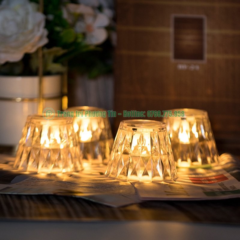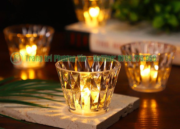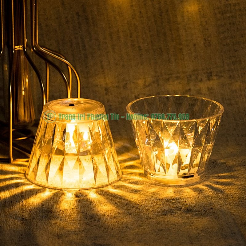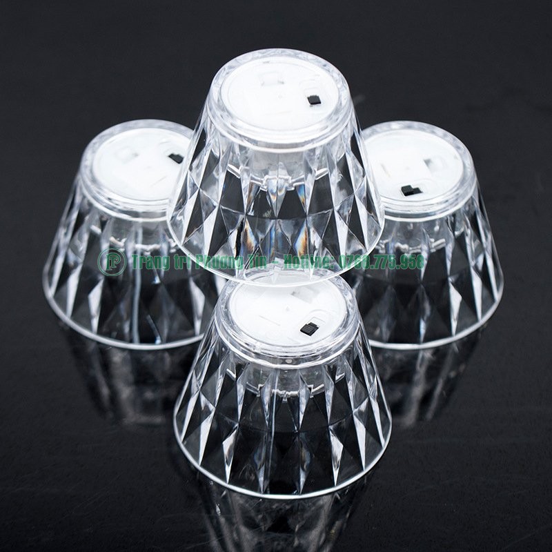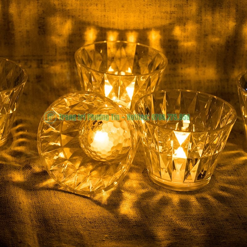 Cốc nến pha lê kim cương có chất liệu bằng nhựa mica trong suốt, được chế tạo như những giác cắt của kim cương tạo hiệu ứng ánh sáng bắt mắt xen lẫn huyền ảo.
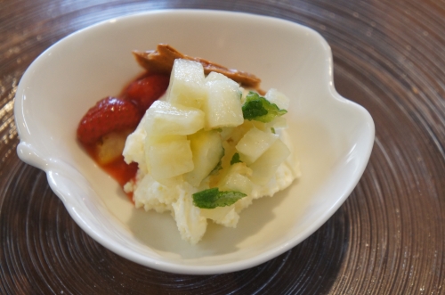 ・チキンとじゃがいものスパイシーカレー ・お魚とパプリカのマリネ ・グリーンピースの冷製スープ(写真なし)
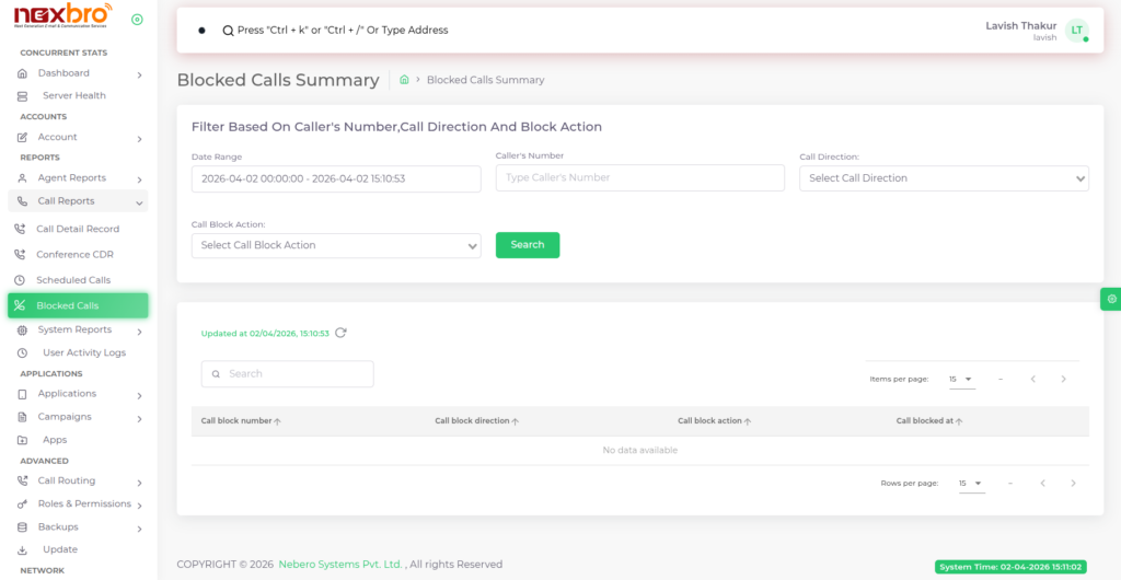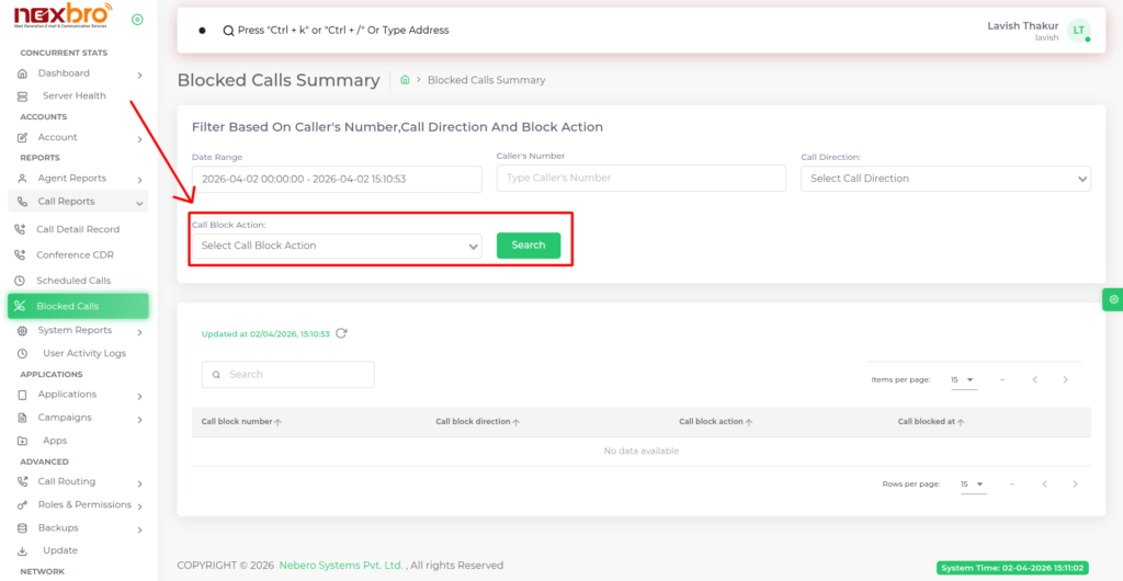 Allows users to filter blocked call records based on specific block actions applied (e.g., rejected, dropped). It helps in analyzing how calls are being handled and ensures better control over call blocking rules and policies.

[TRY IT]: Please set down each line of the listing above word for word, skipping any pictures.

[SOLUTION TO THE PROBLEM]:
 Cốc nến pha lê kim cương có chất liệu bằng nhựa mica trong suốt, được chế tạo như những giác cắt của kim cương tạo hiệu ứng ánh sáng bắt mắt xen lẫn huyền ảo.
 ・チキンとじゃがいものスパイシーカレー ・お魚とパプリカのマリネ ・グリーンピースの冷製スープ(写真なし)
 Allows users to filter blocked call records based on specific block actions applied (e.g., rejected, dropped). It helps in analyzing how calls are being handled and ensures better control over call blocking rules and policies.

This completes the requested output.